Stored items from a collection
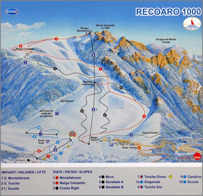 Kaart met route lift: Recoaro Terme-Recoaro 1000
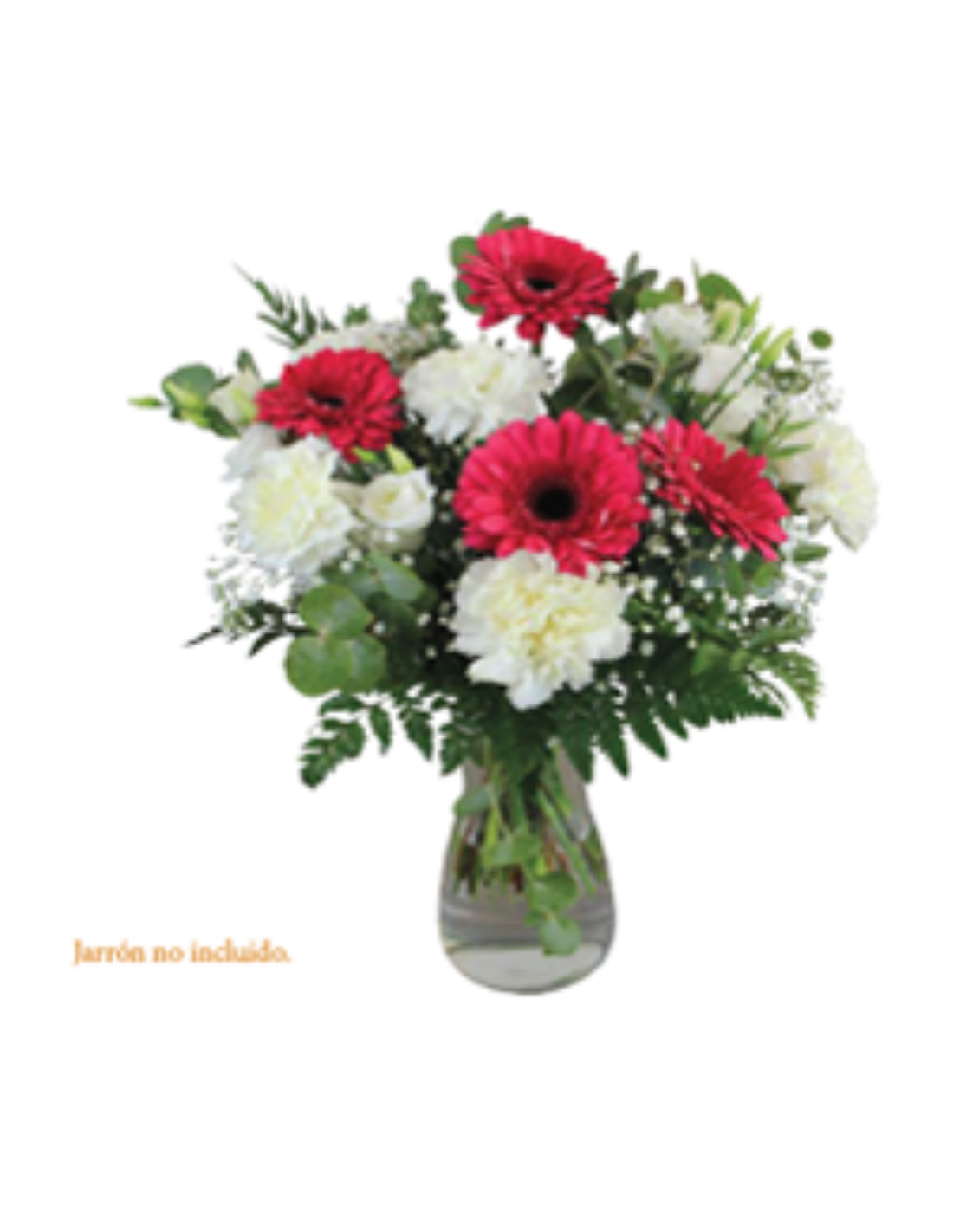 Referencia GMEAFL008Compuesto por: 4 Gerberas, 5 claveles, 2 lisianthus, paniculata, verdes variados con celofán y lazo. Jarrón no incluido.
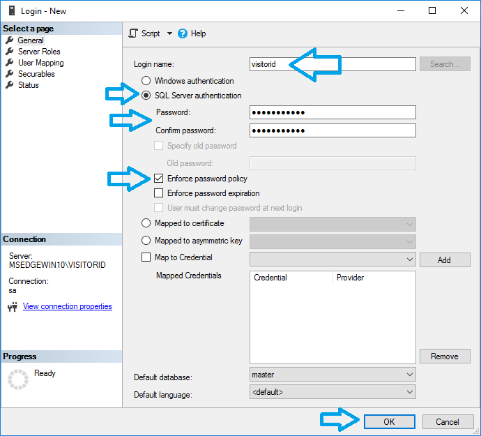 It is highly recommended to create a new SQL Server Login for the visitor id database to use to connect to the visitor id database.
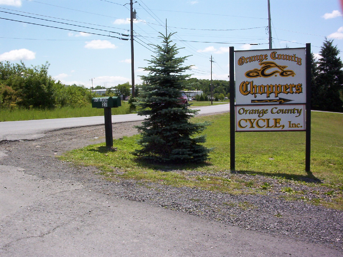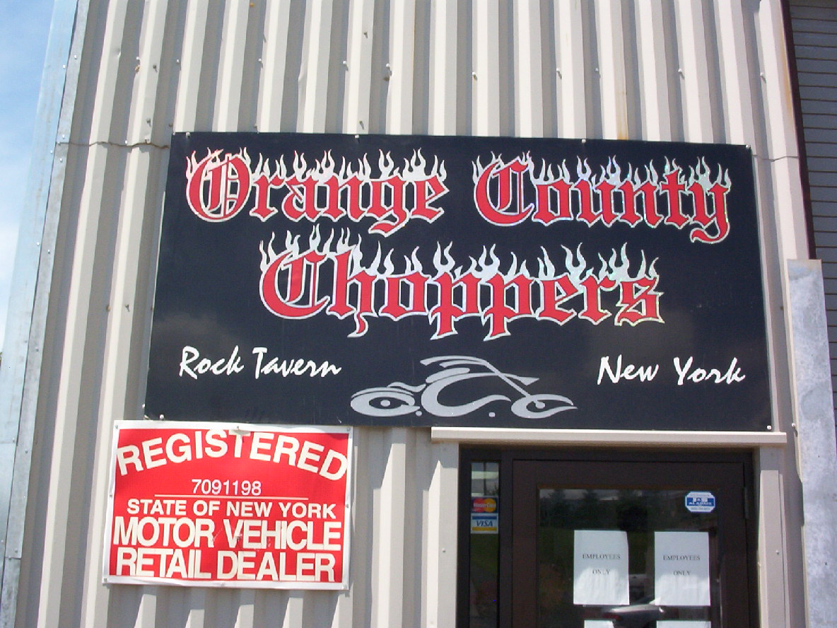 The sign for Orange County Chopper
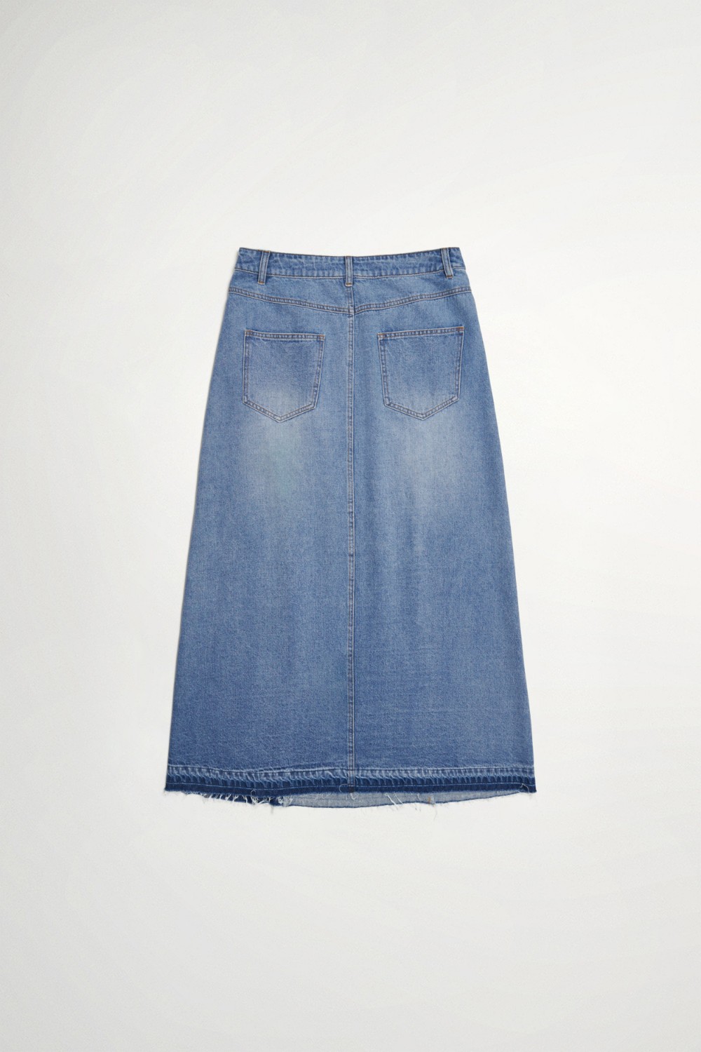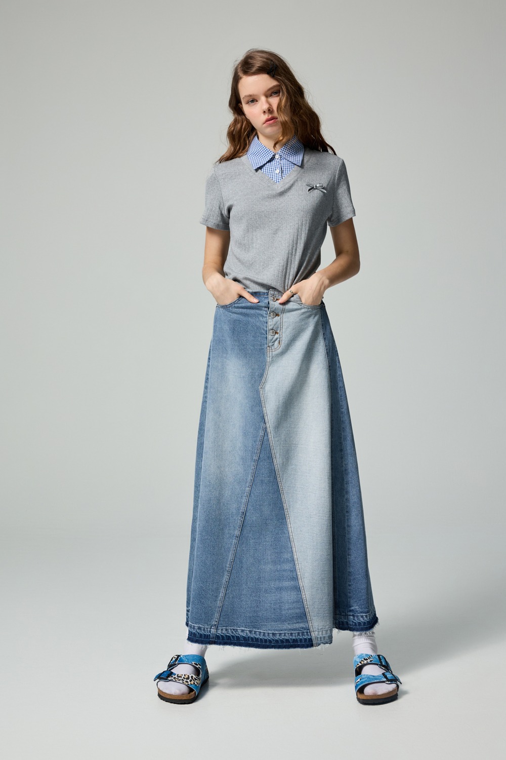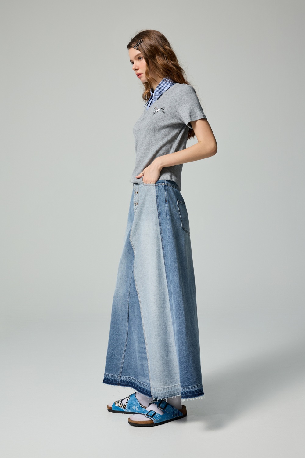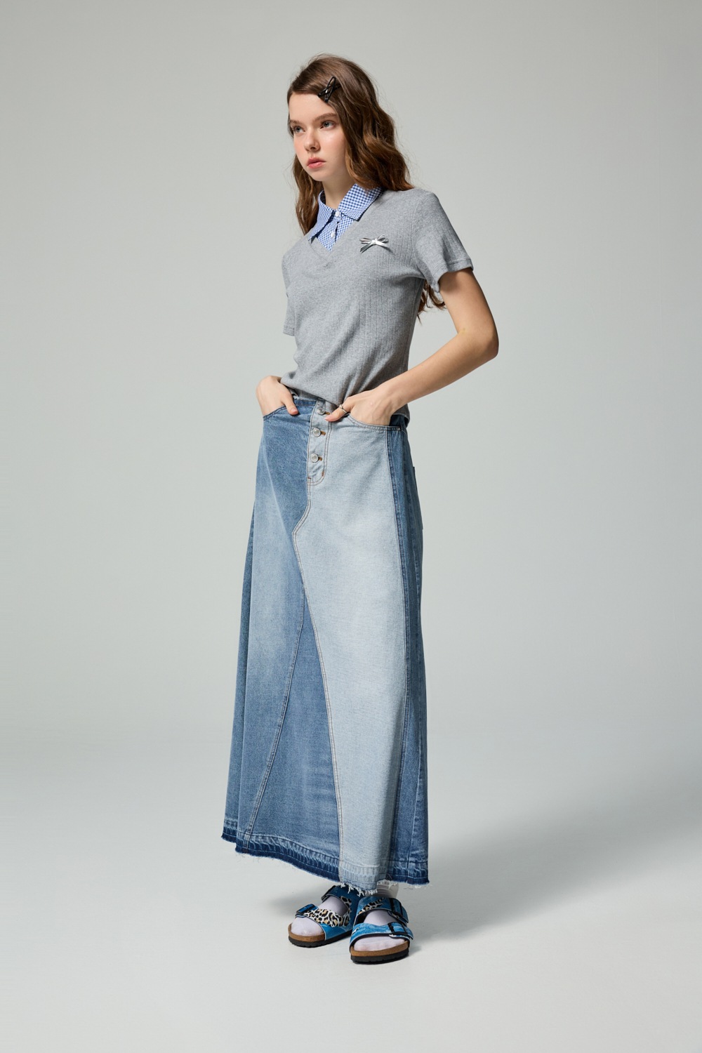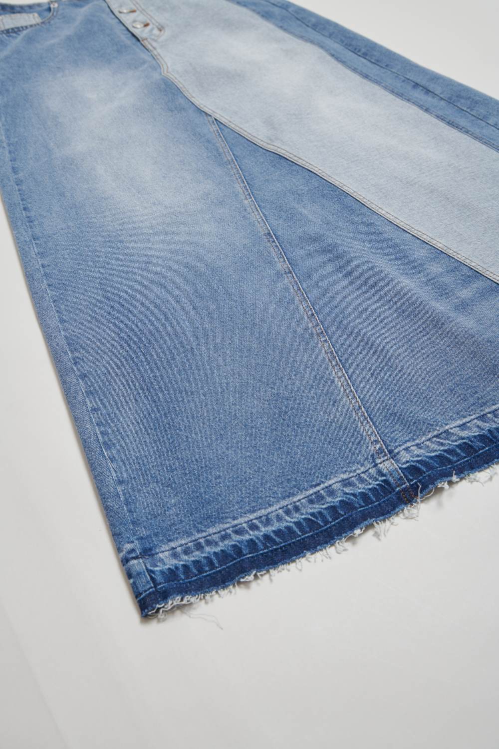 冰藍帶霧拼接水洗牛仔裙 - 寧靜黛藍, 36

§ ACTIVITY
Every line in the records is to be retyped exactly as it stands; the pictures stay out.

§ REPLY
 Kaart met route lift: Recoaro Terme-Recoaro 1000
 Referencia GMEAFL008Compuesto por: 4 Gerberas, 5 claveles, 2 lisianthus, paniculata, verdes variados con celofán y lazo. Jarrón no incluido.
 It is highly recommended to create a new SQL Server Login for the visitor id database to use to connect to the visitor id database.
 The sign for Orange County Chopper
 冰藍帶霧拼接水洗牛仔裙 - 寧靜黛藍, 36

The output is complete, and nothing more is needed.